### [EXERCISE DIRECTIONS]
All entries are to be reproduced exactly; the pictures are to be omitted.

### [AVAILABLE DATA]

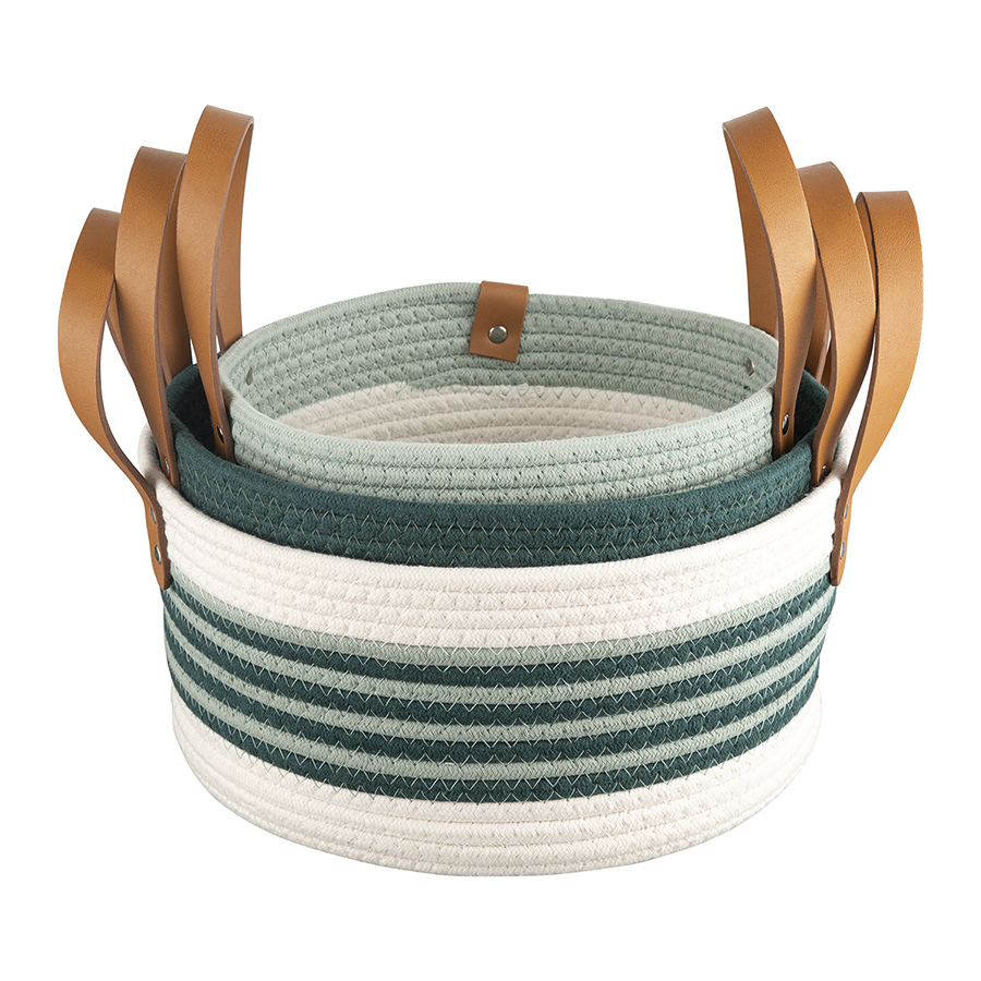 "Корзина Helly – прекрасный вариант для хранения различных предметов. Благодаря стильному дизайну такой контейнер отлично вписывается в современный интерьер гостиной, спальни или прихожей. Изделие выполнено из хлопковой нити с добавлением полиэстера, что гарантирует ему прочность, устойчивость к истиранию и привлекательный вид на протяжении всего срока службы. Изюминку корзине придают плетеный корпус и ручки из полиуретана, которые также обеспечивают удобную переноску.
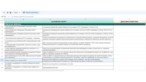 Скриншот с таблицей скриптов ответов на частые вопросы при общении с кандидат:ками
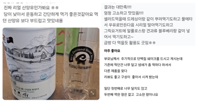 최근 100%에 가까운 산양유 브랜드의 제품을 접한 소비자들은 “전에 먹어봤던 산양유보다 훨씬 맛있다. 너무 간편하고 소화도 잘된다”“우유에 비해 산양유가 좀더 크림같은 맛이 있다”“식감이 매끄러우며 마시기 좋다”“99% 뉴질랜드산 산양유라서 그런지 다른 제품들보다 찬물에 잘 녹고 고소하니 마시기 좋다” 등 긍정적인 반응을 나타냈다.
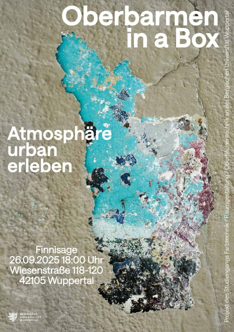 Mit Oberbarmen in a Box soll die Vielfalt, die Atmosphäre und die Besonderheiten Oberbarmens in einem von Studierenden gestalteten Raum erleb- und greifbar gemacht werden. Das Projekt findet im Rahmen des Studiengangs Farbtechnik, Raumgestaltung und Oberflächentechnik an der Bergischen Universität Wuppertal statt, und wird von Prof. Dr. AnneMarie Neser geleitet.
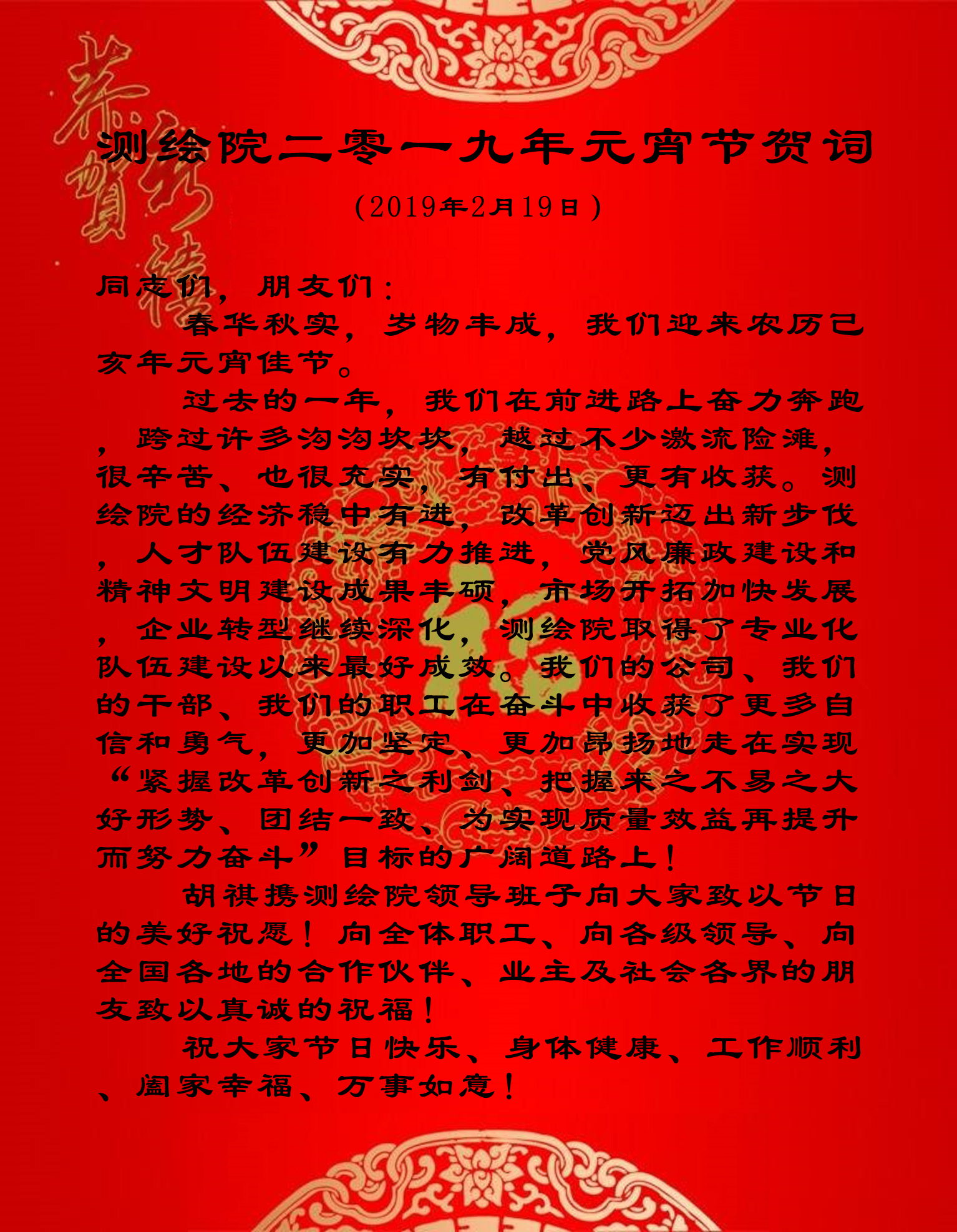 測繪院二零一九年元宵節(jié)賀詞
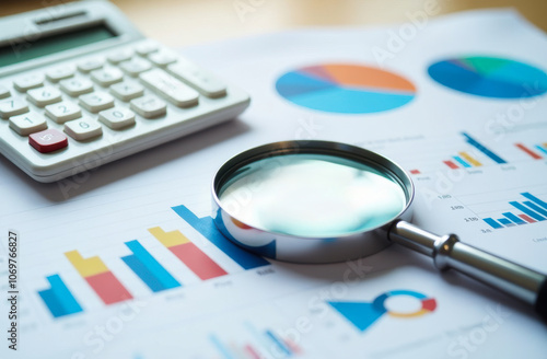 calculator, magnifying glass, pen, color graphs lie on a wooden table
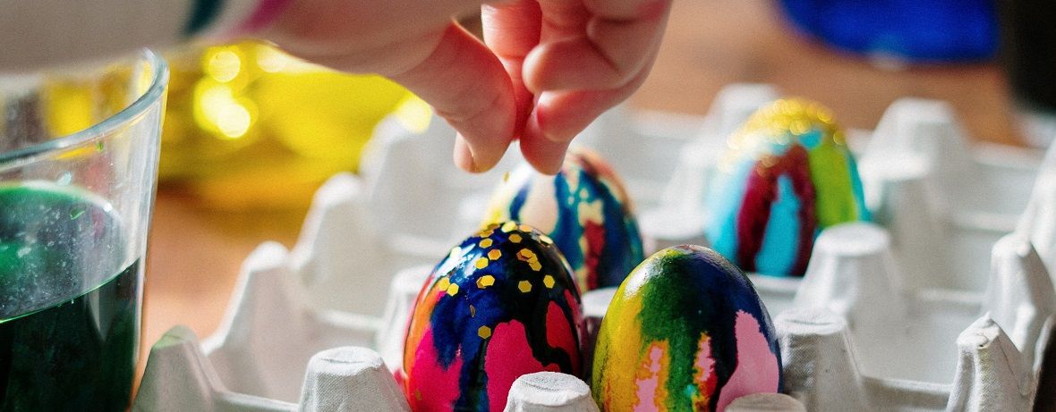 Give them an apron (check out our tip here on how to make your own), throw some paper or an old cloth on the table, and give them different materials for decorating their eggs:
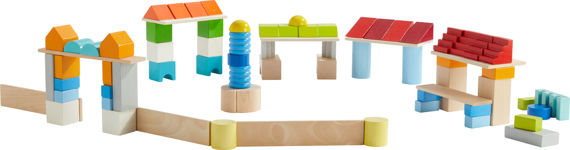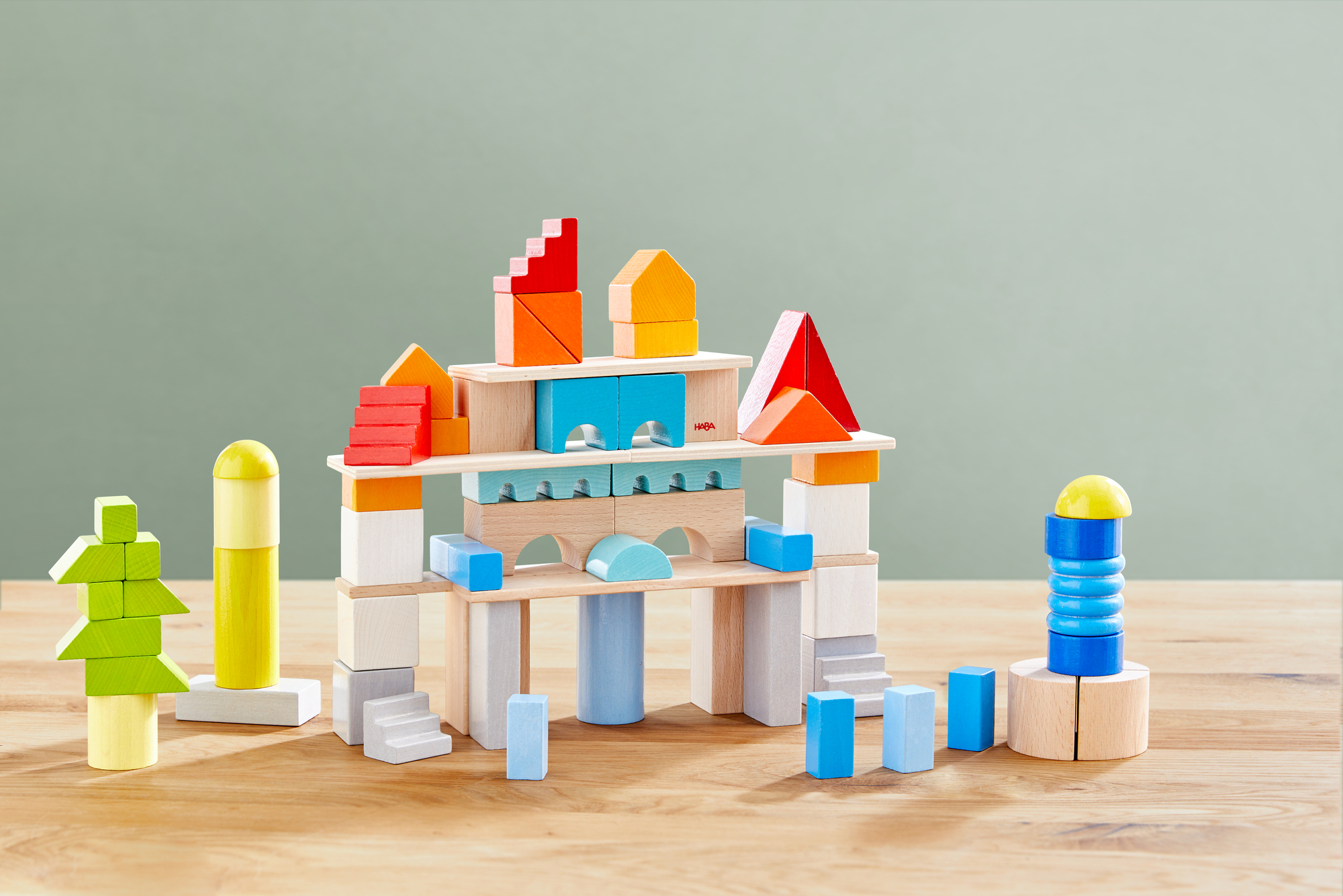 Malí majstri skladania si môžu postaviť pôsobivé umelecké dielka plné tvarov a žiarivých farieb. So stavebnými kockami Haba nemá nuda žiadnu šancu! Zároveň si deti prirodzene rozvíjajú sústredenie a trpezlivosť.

### [REPLY TO THE EXERCISE]
 "Корзина Helly – прекрасный вариант для хранения различных предметов. Благодаря стильному дизайну такой контейнер отлично вписывается в современный интерьер гостиной, спальни или прихожей. Изделие выполнено из хлопковой нити с добавлением полиэстера, что гарантирует ему прочность, устойчивость к истиранию и привлекательный вид на протяжении всего срока службы. Изюминку корзине придают плетеный корпус и ручки из полиуретана, которые также обеспечивают удобную переноску.
 Скриншот с таблицей скриптов ответов на частые вопросы при общении с кандидат:ками
 최근 100%에 가까운 산양유 브랜드의 제품을 접한 소비자들은 “전에 먹어봤던 산양유보다 훨씬 맛있다. 너무 간편하고 소화도 잘된다”“우유에 비해 산양유가 좀더 크림같은 맛이 있다”“식감이 매끄러우며 마시기 좋다”“99% 뉴질랜드산 산양유라서 그런지 다른 제품들보다 찬물에 잘 녹고 고소하니 마시기 좋다” 등 긍정적인 반응을 나타냈다.
 Mit Oberbarmen in a Box soll die Vielfalt, die Atmosphäre und die Besonderheiten Oberbarmens in einem von Studierenden gestalteten Raum erleb- und greifbar gemacht werden. Das Projekt findet im Rahmen des Studiengangs Farbtechnik, Raumgestaltung und Oberflächentechnik an der Bergischen Universität Wuppertal statt, und wird von Prof. Dr. AnneMarie Neser geleitet.
 測繪院二零一九年元宵節(jié)賀詞
 calculator, magnifying glass, pen, color graphs lie on a wooden table
 Give them an apron (check out our tip here on how to make your own), throw some paper or an old cloth on the table, and give them different materials for decorating their eggs:
 Malí majstri skladania si môžu postaviť pôsobivé umelecké dielka plné tvarov a žiarivých farieb. So stavebnými kockami Haba nemá nuda žiadnu šancu! Zároveň si deti prirodzene rozvíjajú sústredenie a trpezlivosť.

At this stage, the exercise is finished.